Here H is the hypothesis “you won the lottery” and D is the data “the newspaper reports that you won”. P(H) is easy, 1 in 10 million. P(D|H) is 0.98. The final piece would be more difficult to calculate, it is the probability of the data. That would probably best be estimates as roughly the number of tickets you bought divided by the total number of tickets sold.

The evidence here is not "contains no error" it is that the news paper published that you won.
Ok, so maybe this is my confusion.

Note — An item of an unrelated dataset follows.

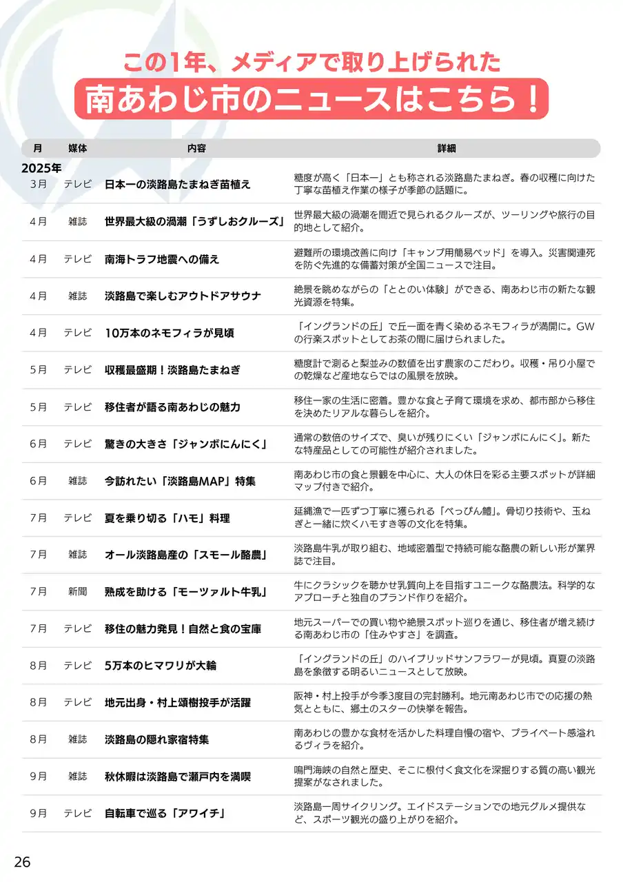 「この1年、メディアで取り上げられた南あわじ市のニュース」を多数ご紹介!(P.26) |

But if I fill in the numbers in your notation,

$$ P(H|D)=\frac{P(D|H) P(H)}{P(D)} = \frac{9.8 \times 10^{-8}}{P(D)}$$, that would mean that only a ridiciously low probability of the data P(D) would make P(H|D), my trust in the newspaper, larger dan 50%. Only if ##P(D) < 1.96 \times 10^{-7}## we have that ##P(H|D) > 0.5##. What does that mean?

-edit: wait, I now relate it to your statement "The final piece would be more difficult to calculate, it is the probability of the data. That would probably best be estimates as roughly the number of tickets you bought divided by the total number of tickets sold." Of course, the probability that the newspaper reports that I won is roughly the same as the probability that I actually won, because these two events are highly dependent. Is that it?

I guess I'm confused about the meaning of the evidence, comparing it to the illness-example.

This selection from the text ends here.